Waran, N., Randle, H., Preshaw, L. et al. 2019. Through their eyes: the challenge of assessing equine emotional state. Journal of Veterinary Behavior 29, 151. (13th International Society of Equitation Science (ISES) Conference Abstract)

Animal welfare assessment has traditionally relied on measures of physical health and changes in behavior and physiology related to negative emotional states such as pain and stress. However, it is now widely accepted that good welfare is not simply the absence of disease or negative experiences, but also the presence of positive experiences such as pleasure. The development of an ‘Equine Quality of Life’ (EQoL) framework is essential for providing horse owners, riders and practitioners with an evidence-based instrument for assessing the overall life experience of horses. It is therefore necessary to be able to appraise both the physical and mental well-being of a horse in relation to situations and events that it experiences during its working lifetime.
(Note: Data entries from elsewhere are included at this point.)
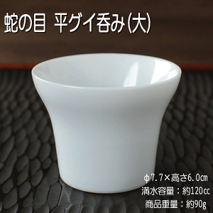 利き酒をする際に使われるお猪口です。お酒の透明度を、蛇の目という器にの内側に描かれた青い渦巻き模様を見て透明度や着色の様子を見極めます。お酒に濁りがあると白と青の境目がぼやけてみえます。冷酒でも熱燗でも季節に応じて晩
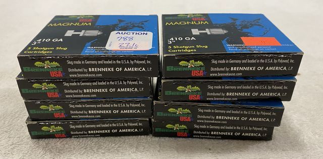 Brenneke .410 Silver Slugs, 3" magnum, 8 boxes, 40 shells. Brenneke .410 Silver Slugs, 3" magnum, 8 boxes, 40 shells.
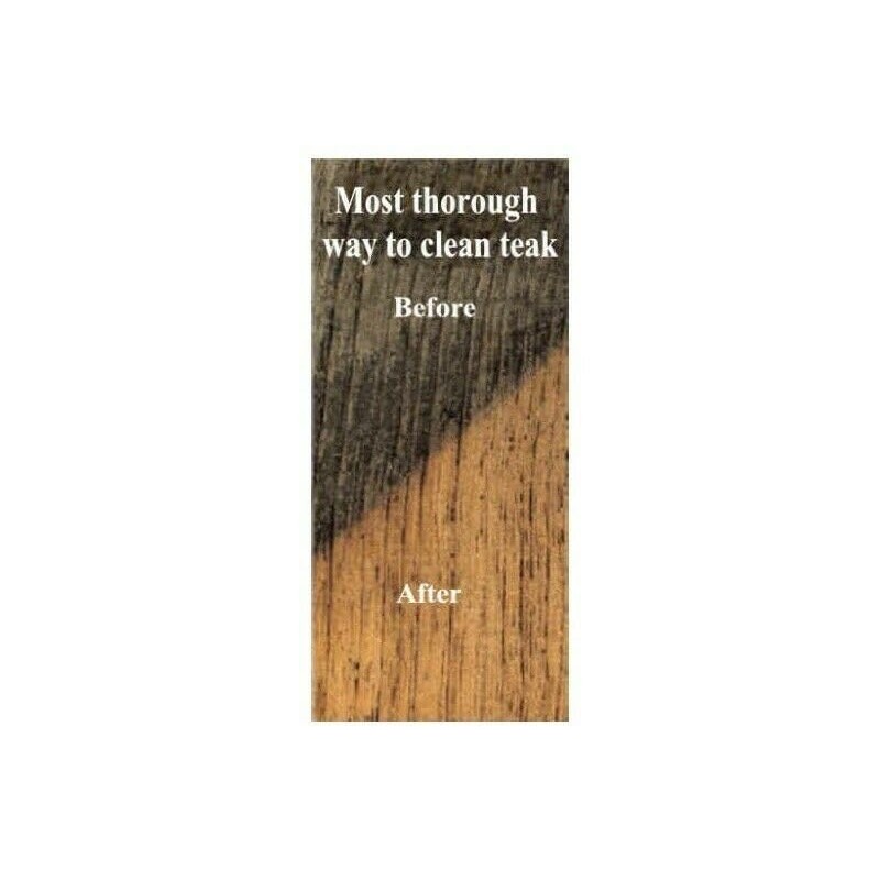 - It deep cleans teak without harsh scrubbing to remove graying, fish blood, fuel stains and teak oils.
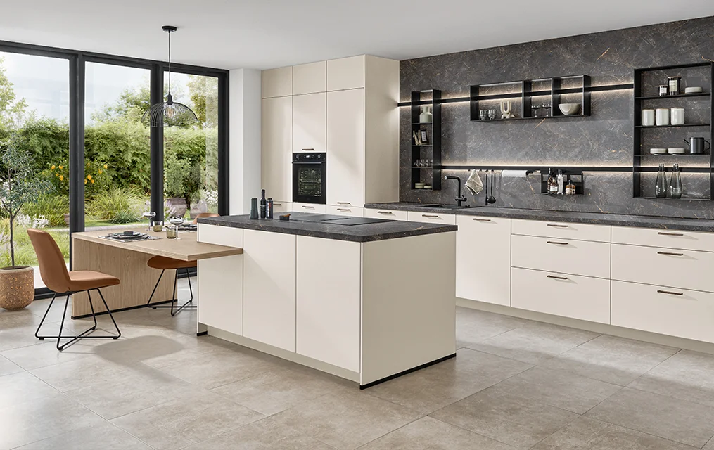 De anti-vingerafdruk voorkant biedt een extreem mat oppervlak dankzij UV-straling. Hierdoor voelt dit gelakte front bijzonder zacht en aangenaam aan.

To date the emotional significance of the animal’s response has been overlooked. A seemingly objective physiological measures, heart rate, has have been found to reflect arousal level rather than emotional valence, and furthermore behavioral signs do not always reflect physiological responses. However, assessment of motivation to approach or avoid as in indicator of positive/negative response, as well as fear- and aggression responses may be better behavioral indicators of emotional state. Methods used in non-equid species such as cognitive bias testing have yet to be used successfully in horses. The characterization of equine emotional response in terms of arousal level and valence, using validated equine-based indicators can lead to the development of an Equine Quality of Life (EQoL) framework against which the impact of different situations and experiences on horses during their lives.